The reason for this rewrite was to add Biplates and "multiple-type traversals"; this is discussed further in this wiki article: https://github.com/conjure-cp/conjure-oxide/wiki/2024%E2%80%9003-Implementing-Uniplates-and-Biplates-with-Structure-Preserving-Trees

Implementation

The library syn supports the creation of custom AST nodes. Using the Parse trait, one can implement parsers for these custom nodes by combining existing Rust AST nodes together as well as parsing Rust tokens by hand.

The macro code has two parts: parsing into a custom AST, and using this AST for code-gen. This simplifies code-gen, as only the data needed for Uniplate is encoded in the AST. This also allows for better error reporting, as Most errors are now reported during parsing, allowing errors to be associated with the specific tokens that caused them.

The biggest change in my AST compared to Rust's is the representation of types. Uniplate has three kinds of type: boxed pointer types, plateable types, and unpalatable types.

Each plateable types contains some wrapper types and a base type. For example, the input type Vec<Vec<A> would be split into wrappers Vec,Vec, and a base type A. This is useful as we want to generally derive implementations for A only. Vectors are implicitly unwrapped using default implementations.

Boxed pointer types represent smart pointers such as Box and Rc. These use the .borrow() function instead of & to pass the inner value to the Biplate instance. Generating instances for Box<A> and Rc<A> would mean that values are constantly moved from stack to heap - this avoids this.

Testing

I added trybuild, a library for UI testing derive macros. The Rust tester does not run at-all when test code does not compile, but we need to test whether our macro gives a compile error when it should. trybuild also checks that the error messages given by the compiler have not changed.

Based on #301

[niklasdewally]

@ozgurakgun @gskorokhod I think this is ready for a preliminary review.

Known issues:

• My Biplate implementation that unwraps vectors is not working for nested vectors and I don't know why.
• The macro currently assumes that all types inside an enum contain each-other - I need a way to say that (for example) a String cannot contain an int. This would probably be in the form of a parameter l specifying which types are recursive.
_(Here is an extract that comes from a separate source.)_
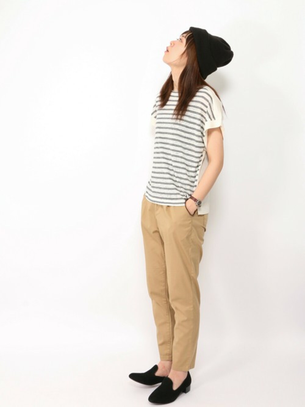 ボーダーT×スリムパンツのシンプルカジュアルコーデ! カジュアルになりすぎないよう、足元はパンプスで(^O^)

These errors can be seen by removing the comments in the examples/stmt.rs file.

I've got some ideas for how to fix these, and some examples I could writeup to show specifically the underlying problems, but I don't have the time to do this just yet. A general code review would still be helpful though.

[ChrisJefferson]

There seems to be a bunch of compile issues, I tried just running cargo check to start, and got errors about private crates, and lots of errors which look like:

error[E0599]: no method named `with_children` found for reference `&Expression` in the current scope
   --> crates/conjure_core/src/rules/minion.rs:293:22
    |
293 |                 expr.with_children(sub)
    |                      ^^^^^^^^^^^^^ method not found in `&Expression`
    |
    = help: items from traits can only be used if the trait is implemented and in scope
    = note: the following trait defines an item `with_children`, perhaps you need to implement it:
            candidate #1: `Uniplate`

[niklasdewally]

The entire project doesn't compile as I haven't refactored conjure oxide to use the new types yet.

The uniplate crate specifically should though!

[niklasdewally]

RFC @gskorokhod @ozgurakgun @lixitrixi @ChrisJefferson

This is the blocker for this PR; any help would be appreciated! I don't really know how to explain it very well in writing (especially as I last looked at this indepth 2 weeks ago), but hopefully this gets the core of the issue across!.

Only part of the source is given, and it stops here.